Should you overload the << operator?

I strongly believe that this is a bad idea. I can explain in a very simple manner

Queue < int > a{1,2,3,4,5};
Queue < int > b{5,4,3,2,1};
std::cout << a; // valid!
Queue < Queue < int > > c{a,b};
std::cout << b; // illegal `<<` operator for class!

Your overload will only work for types that can be printed using <<, nothing else at all.

Nitpicks

inline T& front()
{
 if (head != nullptr) return head->data;
 else throw std::out_of_range("Queue is empty");
}
inline T& back()
{
 if (tail != nullptr) return tail->data;
 else throw std::out_of_range("Queue is empty");
}

The else isn't necessary here, because if the previous condition is true, the control never reaches the front.

inline T& front()
{
 if (head != nullptr) return head->data;
 throw std::out_of_range("Queue is empty");
}
inline T& back()
{
 if (tail != nullptr) return tail->data;
 throw std::out_of_range("Queue is empty");
}

• consider using const - inline bool empty() const if you aren't modifying any member variables

• it is always good practice to have a comment after your endif to state which if it ends

Copy constructor

consider this scenario

Queue < int > a{1, 2, 3, 4, 5};
Queue < int > b(a);
std::cout << b;

On my visual c++ compiler, this directly triggers an assertion and fails. You haven't declared a constructor in Queue that takes in another Queue, so C++ did that for you. But this performs a shallow copy. Very bad for these kinds of classes

This is because shallow copies of a pointer just copy the address of the pointer -- it does not allocate any memory or copies the contents being pointed to!

You must define your own copy constructor

More functionality

A few things I would like to see

• Overload of the equality operators to compare two lists
• Ability to delete a single node

Regarding splitting into a .cpp file

You have defined all the functions in your header file, after reading your question

Can Implementation be separated from its interface whilst using templates?

No :(, not neatly at least. Do read the link I cited.

That is the price you pay with templates,

Comparing to the STL library

^{all code here is from the Standard Template library}

Let's see what actually happens when you create a std::queue in your tests.
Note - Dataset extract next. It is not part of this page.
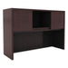 Alera Valencia Series Hutch with Doors, 47.13w x 15d x 35.38h, Mahogany. Increase productivity and desktop space with this hutch. Handy compartmentalized overhead storage. Lighting valance and grommets to facilitate task lighting installation. Durable woodgrain laminate is water-, scratch- and stain-resistant. Fully finished back. Color: Mahogany; Color Family: Mahogany; Overall Width: 47.13"; Overall Depth: 15".

if you see the constructor of queue

template <class _Ty, class _Container = deque<_Ty>>
class queue;
///
template <class _Ty, class _Container>
class queue {
};

This means that when you created your queue<int>, you just created a new deque. So when you do .push() in a queue, whats really happening is just push_back(), which is defined in class deque. If you have a look at those functions

 void push_front(_Ty&& _Val) {
 _Orphan_all();
 _PUSH_FRONT_BEGIN;
 _Alty_traits::construct(_Getal(), _Unfancy(_Map()[_Block] + _Newoff % _DEQUESIZ), _STD move(_Val));
 _PUSH_FRONT_END;
 }
 void push_back(_Ty&& _Val) {
 _Orphan_all();
 _Emplace_back_internal(_STD move(_Val));
 }

The code is already getting out of control. Time to stop

std::deque is not a linked list. It is a circular buffer, which is very different from a linked list, which is already extremely in-efficient

Hence, it is not a fair comparison. A deque is more like a vector. Both of them are fundamentally very different.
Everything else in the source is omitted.